The content providing battle between MVPDs Comcast and Verizon gets more complicated as more details emerge about Comcast’s Watchable online video service.
Watchable, a direct competitor with Verizon’s imminent Go90 platform, had its demo briefly left up by engineers on Wednesday, so Variety poked around and revealed important details about Comcast’s bid for Millennials via streaming content.
Watchable, which is planned for release in “coming weeks” is a set-top streaming channel that will feature content from Comcast investments like Buzzfeed (in which the company recently invested $200 million), The Verge and Vox Media, and from outside content providers like Vice, Popsugar, iFood.tv, and Jukin Media, among others. Eventual partnerships with the Onion and Fullscreen have been announced.

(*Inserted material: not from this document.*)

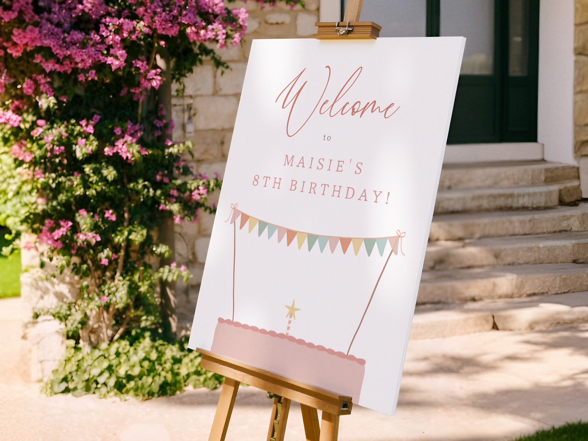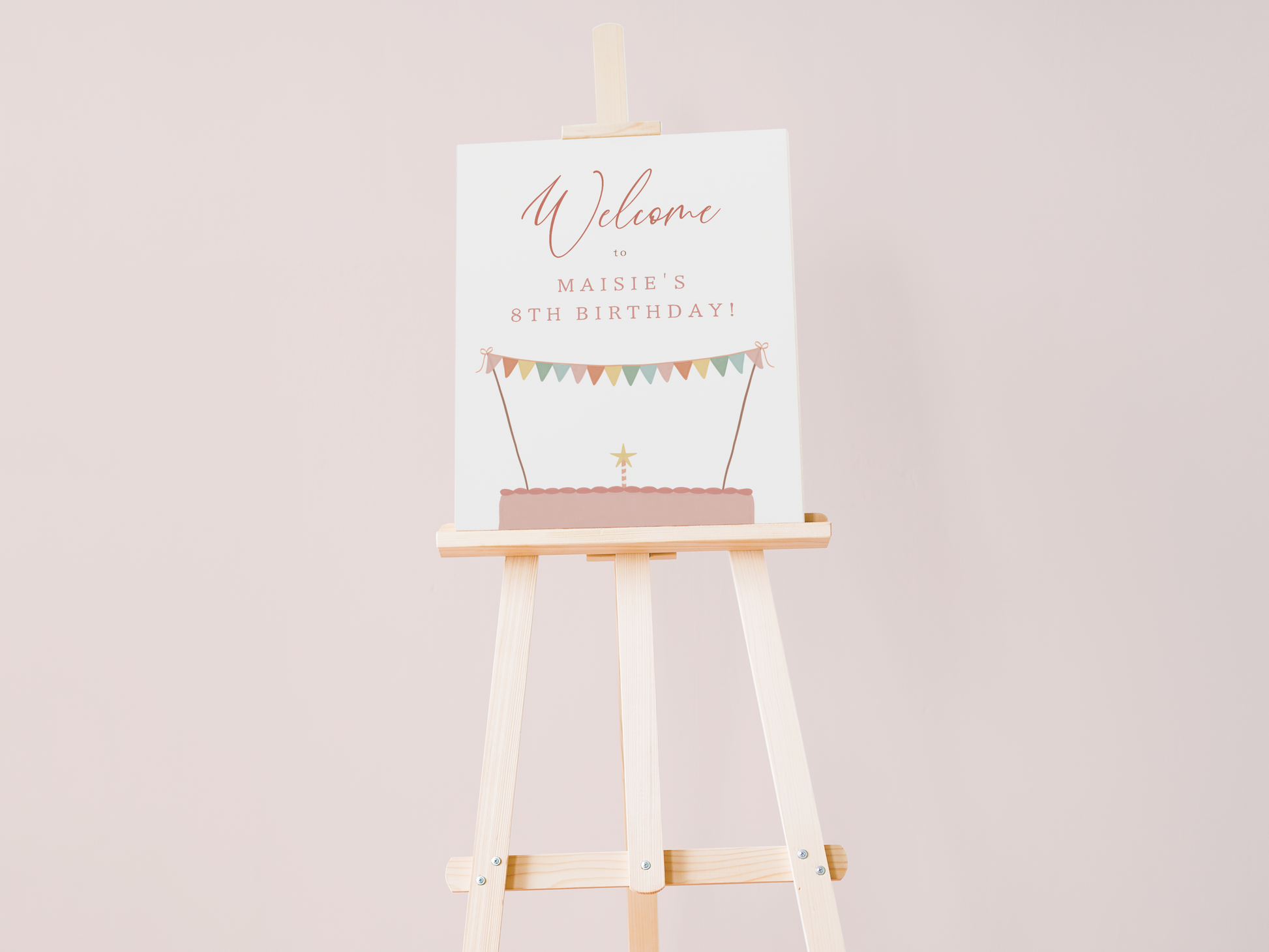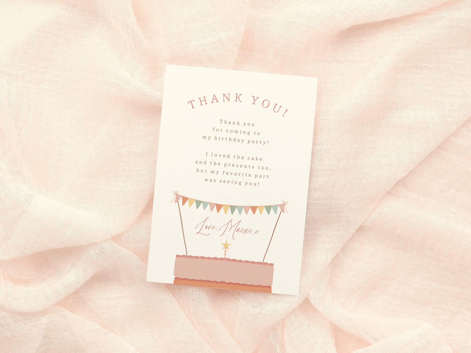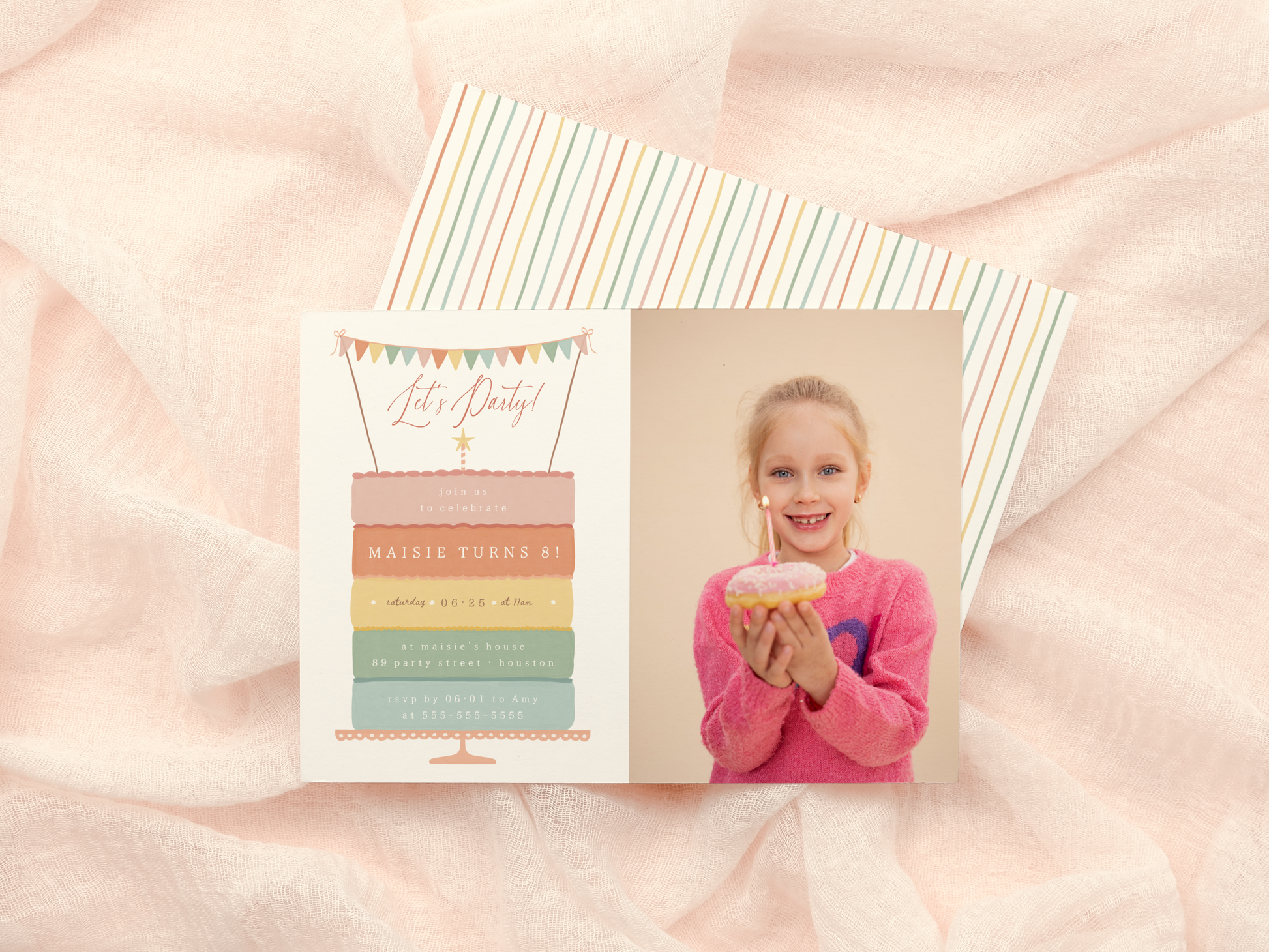 Get ready to party with this super cute birthday invitation featuring a hand-painted rainbow layer cake! The cake topper has pastel rainbow bunting and a star-topped candle, and the event details are written right on the colorful cake layers. The birthday girl’s name stands out in bold capitals, with tiny white flowers separating the event date. On the back, you’ll find cute rainbow stripes on a white background. This design can be used for any theme, as long as there is cake! Ideal for fairytale or princess costume parties, a unicorn theme, baking or art parties, or a magical garden party, this design is full of charm and fun. This sweet and whimsical invite is the perfect way to set the tone for an unforgettable celebration! Photo and non-photo versions to choose from.
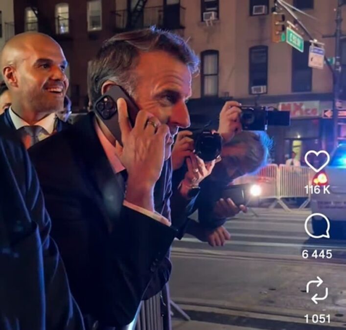 マクロン大統領がトランプ大統領の車列によりニューヨークで足止めされ、ユーモアを交えた会話をした。

The crucial difference between Watchable and Go90 is that Watchable will be available entirely to the general public via a website, while subscribers can watch it on their set-top boxes and mobile apps. Go90 will be limited in its public-facing content, and unlimited only to Verizon subscribers.
Go90 seems set to beat Watchable to marketplace, however, as Go90 is rumored to launch “in the coming days.”
Watchable joins Comcast’s recent announcement of Stream, its subscription-based OTT live TV platform for Xfinity subscribers, in its bid to hold off video losses as viewers move away from traditional linear TV.